Although his older brother was flying helicopters in the Navy, McGinity was interested in larger multi-engine planes, like the B-29s that his father had flown in China, Burma, India and over Japan in World War II.

He went through college on a Navy ROTC scholarship and underwent training in the summers. He was commissioned at graduation and began flight training. Following carrier qualifications, he was assigned an airman’s dream job – piloting P-3s and prowling the coastline of Vietnam.

“We’d fly a recon mission around the coast of Vietnam looking for ships coming to supply the Viet Cong or North Vietnamese army. When we found one, other Navy ships off the coast would close in and check it out. Most of our flying was out over water … much of it in severe weather,” he said.

All pilots and crews in Vietnam had close calls, but especially those who were flying close air support for the infantry or attacking North Vietnamese infrastructure and supply lines. Of 10 close college friends (all Marines) who went through flight school at the same time, two were killed and “the rest of us all had heart-stopping experiences.” Of these 10, only he and one other “didn’t crash or bail out at least once,” McGinity explained. One bailed out of his burning F-4 and came down at the top of a tree in a jungle full of North Vietnamese infantry. “They saw him come down and he could hear them closing in, but a Marine helicopter had also seen him and arrived moments before the NVA did. The helicopter got close enough to the tree for him to grab onto a skid. He clung to it until the helo could put him down in a Marine rifle company under attack a few hundred yards away,” described McGinity.

P-3 operations in Vietnam were rarely as extreme as this. About 10,000 US aircraft were lost over the course of the Vietnam conflict, but only two were P-3s. No one in either P-3 crew survived.

McGinity lost one of his college roommates in an accident in flight school. “My best friend … I’ve never gotten over that,” he says.

Coming home

McGinity came home from his military service to attend graduate school in Boston and earn MBA and DBA degrees. He worked in New York City for six years, returning to Boston in 1983 as a partner in a venture capital firm. By 1988, he had started his own consulting and private equity firm and was serving as board director for several private and public companies.

And then he discovered Wyoming.

He describes how seeing the Tetons after landing in Jackson in the summer of 1988 hit him like a ton of bricks: “I always thought everyone should make an effort to be rational and logical. But I got off the plane in Jackson and just lost it. After a couple of roundups and hunting trips, I was hopelessly addicted.”

He invested in a historic dude ranch north of Dubois and began spending more and more time in Fremont County, including a home in Crowheart.

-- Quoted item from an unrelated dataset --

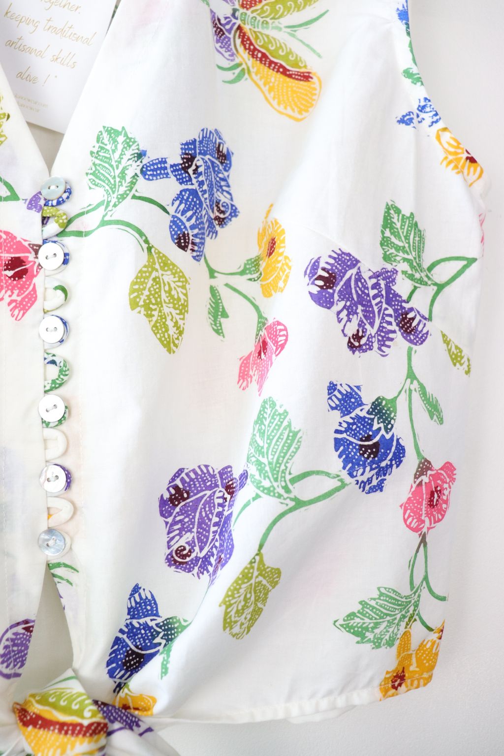These pastel sleeveless front tie top are made from intricate hand stamped batik textile. Not one piece alike, you will love how beautiful the colours and print of this batik is made by skilled artisans of centuries of batik making wisdom. These batik come from a region where the batik makers have influence from Chinese and European merchants in which is on display in the motifs and colours of the batik.

Soon his love of Wyoming brought him into public service on the Wyoming Business Council and eventually to teaching business ethics at the University of Wyoming.

McGinity says that his time flying in Vietnam has given him values and discipline that have carried over into his professional life.

“I draw on that experience in this job (as UW president), in which you cannot know as much as you need or would like to know,” he says, “but you keep pushing yourself. Focus and persistence — keeping your eye on the big picture, while dealing consistently with the smaller things.” Those are the lessons he brought with him from piloting a war plane 46 years ago.